Gravells (2011:6) states that our “main role as a teacher is to teach our subject in a way that actively involves and engages our learners during every session” which encompasses all of the training cycle as it ensures a teacher actively participates at every stage. This can also be achieved by using differential teaching that actively involves every learner. In order to effectively enable and assess individual learning we should incorporate the learning style theories stated above, thereby continuing the teaching cycle and fulfilling our roles and responsibilities in these stages.
Each of us has a preferred learning style” (Dryden and Vos, 1994:95). It is possible that not correctly identifying individual learning styles could create extensive boundaries to teaching in the form of barriers to learning. For example, if differentiation were not utilized, a safe, inclusive learning environment could not be maintained, Maslow’s hierarchy would disintegrate and the teaching cycle may become academic. Kolb (1984) in particular, with his theory of experiential learning demonstrates our need to provide a safe, secure learning environment in order for the learner to learn effectively.
This can be achieved if our roles and responsibilities are defined and implemented using all stages within the teaching cycle. If this is done efficiently it clears the way for the learner to be “motivated for learning from an interaction with [a good] experience” (Rogers and Horrocks, 2010:105) The importance of establishing clear, professional boundaries at the outset of any teaching session is paramount. Maintaining a professional distance from learners allows us to be fair and ethical.
Establishing credibility will earn learners respect and encourage them to get the most from their subject and learning experience. This can be done primarily by being knowledgeable about our subject and initiating an appropriate method of establishing learning styles to encourage participation and engage and involve our learners as quickly as possible. In conclusion, it is clear to see that the teaching cycle is essential in the aim of structuring our roles, responsibilities and boundaries but it is not a stand alone tool.
Without also having good knowledge and practice of the theories stated herein we cannot fulfill our various roles as teachers.
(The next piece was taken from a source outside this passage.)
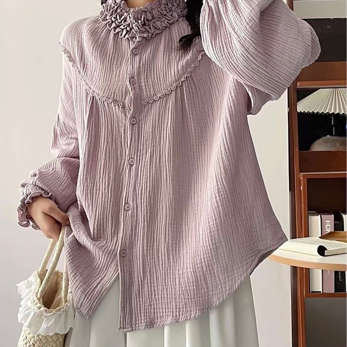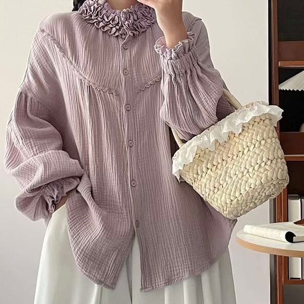 大ぶりなフリル襟が印象的なナチュラルテイストのブラウス。やわらかなガーゼ調の生地感が特徴で、軽やかで心地よい着心地を叶えます。袖口やヨーク部分にはレース調の装飾が施され、さりげない可愛らしさをプラス。
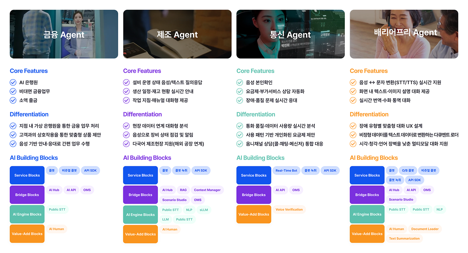 AI Agent가 필요한 분야라면 금융, 통신, 제조, 복지·공공 등 어떤 산업에서도 고객사의 요구에 맞춘 최적의 AI Agent를 설계하고 적용할 수 있는 유연한 서비스를 제공합니다.

We cannot fulfill our responsibilities to our learners and we cannot set appropriate boundaries to help create a safe, secure and inclusive learning environment.
Gravells, A. (2011). Preparing to Teach in the Lifelong Learning Sector 4th Ed. Learning Matters. Rogers, A. & Horrocks, N. (2010). Teaching Adults 4th Ed. Open University Press. Allan, J. 1989) How to Solve Your People Problems. Kogan Page Limited. Dryden, G. & Vos, J. Dr. (1994) The Learning Revolution. Accelerated Learning Systems. Charvet, S. R. , (1997) Words That Change Minds, Mastering The Language of Influence. 2nd Ed. Kendall/Hunt Publishing Company. Hayden, P. (2005) Learners Pocketbook 2nd Ed. Management Pocketbooks Ltd. ten Have, S, ten Have, W. & Stevens, F. (2003) Key Management Models. Pearson Education Ltd. Whitmore, J. (2002) Coaching for Performance 3rd Ed. Nicholas Brealey Publishing.